Sunday, February 23, 2003

On the advice of, and due to a gift from, the New Jersey correspondent, I just finished reading John Nichols' The Milagro Beanfield War. You may remember this as a very good but little noticed film directed by Robert Redford in the late '80s. I don't believe in the whole "the book is better" thing, but I will tell you that the supporting characters are much more flushed out, and long-term motivations are much clearer in the book.

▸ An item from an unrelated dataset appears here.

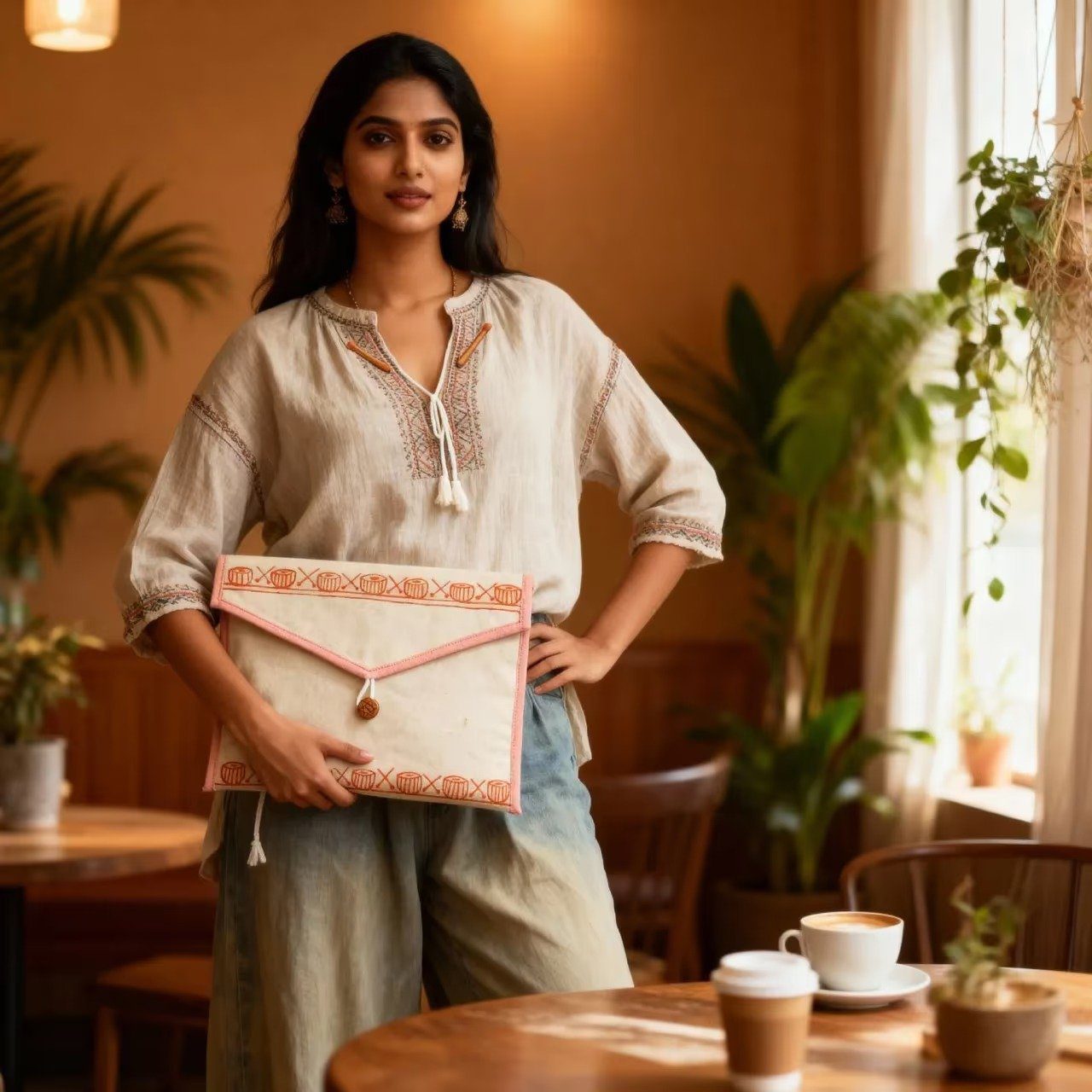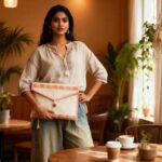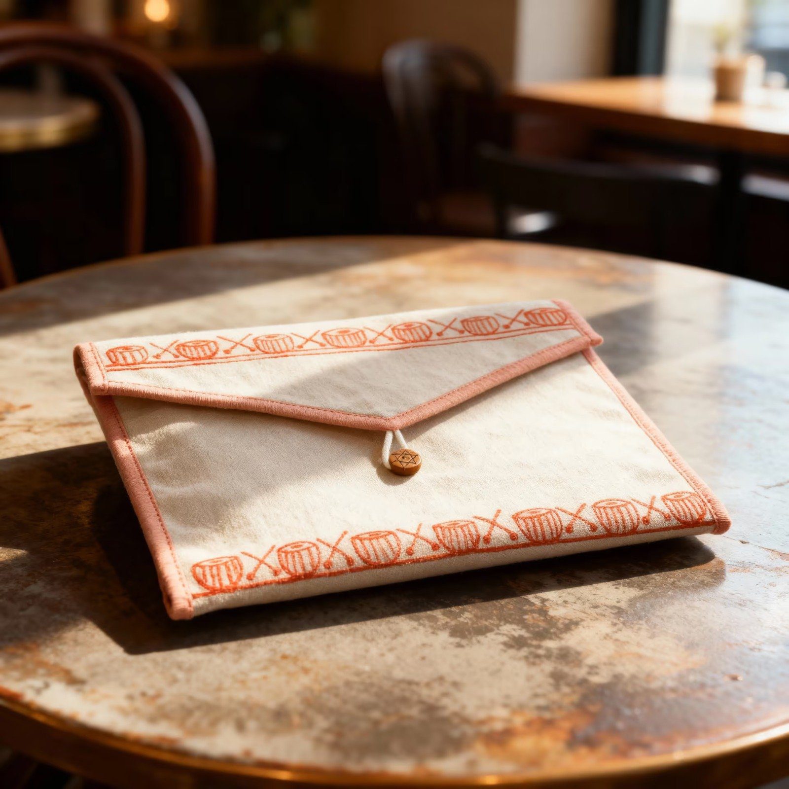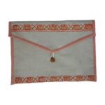 This Canvas Cotton Folder is a beautiful handmade storage solution that brings together style and function. Made from natural canvas cotton fabric with a hand-painted damroo design, it’s perfect for keeping your documents, papers, and small items organized. The folder features two main compartments that give you plenty of space to sort and store different things. With its warm cream color, coral border trim, and unique wooden button closure, this folder looks great whether you’re using it at home, in an office, or while traveling. The hanging loop makes it easy to store on a hook or wall mount. This is not just a folder – it’s a piece of handcrafted art that helps you stay organized while adding a touch of ethnic charm to your space.

The basic story is that in the northern New Mexico town of Milagro, most everyone is poor, disenfranchised, and victimized by unfair land and (especially) water laws that have forced them away from subsistence agriculture and largely into service-sector employment or odd jobs. Out of hostility, anger, frustration, or perhaps for no reason at all, one of the townspeople (Joe Mondragon) starts illegally irrigating a beanfield. This makes authorities and a local land developer very nervous, because they don't really want to rile up the locals but they also don't want to risk their investments. Every event comes to be seen in light of the growing tension in town, and eventually a kind of political consciousness starts coming together.

While this might sound dull or propagandistic, Nichols avoids either because the novel is very comic, especially the scenes involving an unwitting VISTA volunteer from New York completely out of his element and prone to horrible luck. What I particularly liked about this book is that, unlike in the previously reviewed Stones for Ibarra, I felt that everyone here was a real character and not just window dressing. Even the politicians and land developers here are not caricatures, but are real people with real interests and with sensitivity and even sympathy for the locals, even though they have decided to work against their interests. The other thing I particularly liked about this book was that it had elements of magical realism, but which erred on the side of the uncanny (unlikely, fortuitous, but ultimately possible)--which I like--as opposed to the downright supernatural--which I have no tolerance for. This book also made me happy because I have been shying away from longer books, but at 456 thick pages I made it through just fine and fairly quickly to boot. So maybe I'm past that aversion for the time being.